3. Medium- and long-term signals: tissue studies and syndrome-linked reports claim persistence
A smaller body of work—postmortem tissue analyses and observational studies of people with prolonged symptoms—reports spike protein or mRNA persisting for months, up to at least 17 months in some tissue samples, and over 700 days in a minority of patients with post-vaccination syndromes. Postmortem axillary node studies found vaccine mRNA within 30 days but not in many visceral organs; separate cerebral artery analyses detected spike protein up to 17 months after mRNA vaccination in a subset of hemorrhagic stroke cases, and a 2025 Yale cohort reported detectable spike protein in some individuals more than 700 days after vaccination [2] [4] [3]. These studies use different assays and sample types—tissue immunohistochemistry or PCR vs. plasma antigen assays—and focus on specific patient groups, often with underlying pathology, which limits generalization to the broader vaccinated population.

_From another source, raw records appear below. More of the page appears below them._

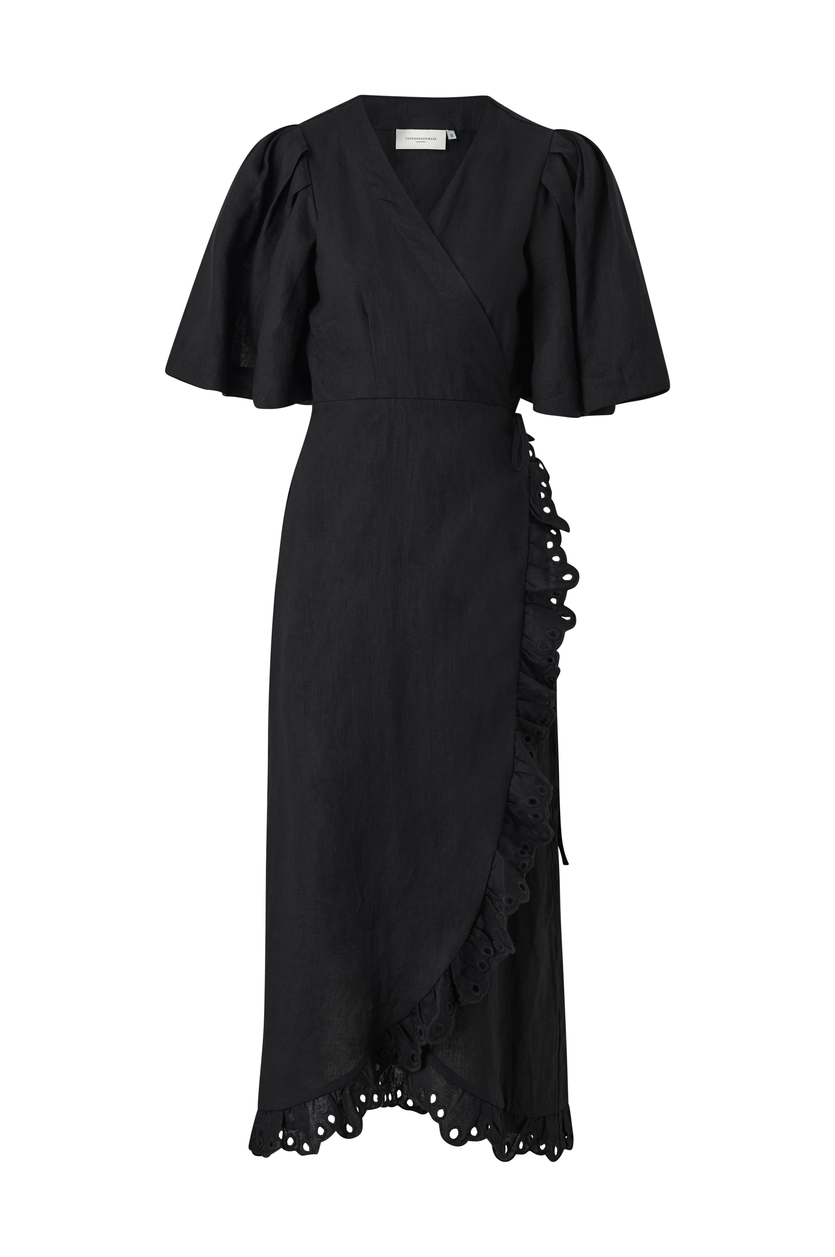 • Lang kjole i hør• Slå-om design• Bindebånd i siden• Ekstra brede, halvlange ærmer• Lægge på skuldrene• Volant med broderet hulmønster på skørtet• Længde: 132 cm i størrelse S
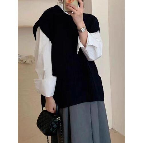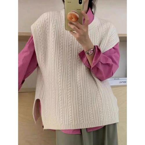 꽈배기 브이넥 레이어드 셔츠 여자 니트조끼 루즈핏 패턴
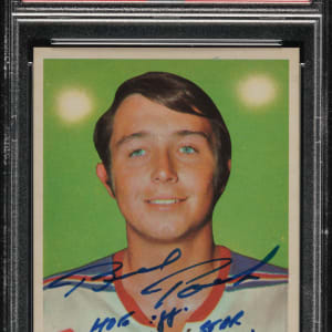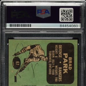 PSA/DNA has encapsulated the card, grading the signature Authentic. New York Rangers Hall of Famer Brad Park.
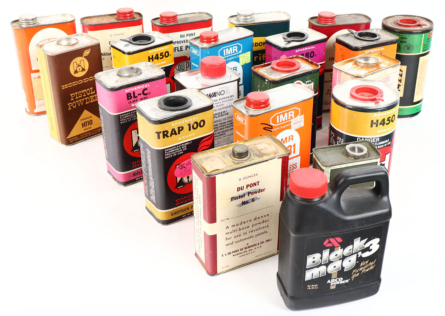 Large lot of rifle powder tins, all empty. Grade: Excellent - Value: 4 to 40
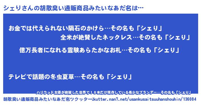 | ヒーロー風カッコイイあだ名 | 『スーパーシェリ』『友情の使者シェり』 |
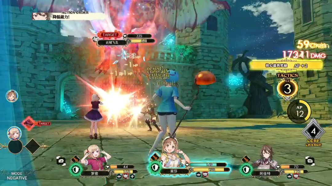 本作的战斗系统是根据AP点数的指令战斗,每个角色的行动条会决定行动的顺序,攻击会恢复AP,使用技能会消耗AP,使用道具消耗CC点数,这套战斗玩法最重要的就是不断积累AP值,让策略位阶提高,每提高一阶,攻击的效果都会提升不少。利用好不同角色的技能与先前配置好的炼金道具可以使战况变得更有利,提高作战成功率。
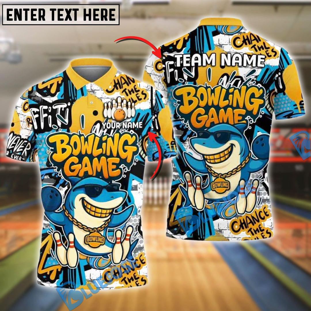 BlueJose Bowling Funny Shark Graffiti Style Customized Name, Team Name 3D Shirt (4 Colors)
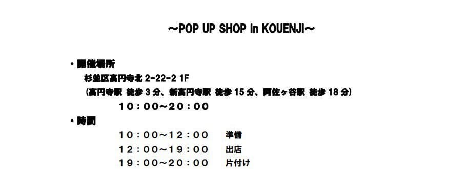 11月~12月末 ポップアップショップ開催・リターン品のお届け
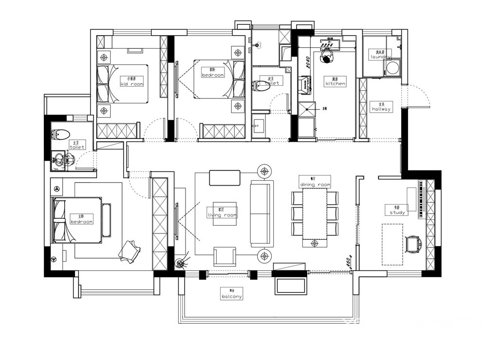 小区:世贸城 面积:150㎡ 户型:四居 风格:现代简约风格

4. Competing interpretations: causation, sampling, assay limits, and selection bias
Conflicting interpretations arise from methodological differences: assay sensitivity/specificity, whether measurement detects intact, functional spike versus fragments, and selection of patients with tissue injury or prolonged symptoms influence findings. Some tissue detections correlate with healing injury, suggesting local uptake at damage sites rather than vaccine-driven pathology; others observe unbound full-length spike in myocarditis patients but not in asymptomatic controls, implying a possible mechanistic link in rare adverse events [2] [5]. Small sample sizes, convenience sampling (postmortem cases, stroke or myocarditis patients), and absence of longitudinal population-level surveillance mean that reports of long persistence should not be interpreted as proof of widespread, long-term circulating spike after vaccination [2] [4] [5].
5. Bottom line, uncertainty, and research priorities for public health decisions
The evidence establishes that spike protein is transiently detectable in most vaccine recipients early after mRNA-1273 vaccination and that rare, selectively sampled cases show prolonged tissue or plasma detection. There is no consensus that long-term persistence is common, nor definitive proof that detected long-term protein causes adverse outcomes; however, the findings identify clear priorities: standardized assays cross-validating plasma versus tissue detection, larger longitudinal cohorts including asymptomatic controls, and mechanistic studies linking persistence to clinical effects. Policy and clinical evaluation should balance the large body of safety data showing benefit with targeted investigation into the minority of cases where prolonged detection is reported [1] [3] [4].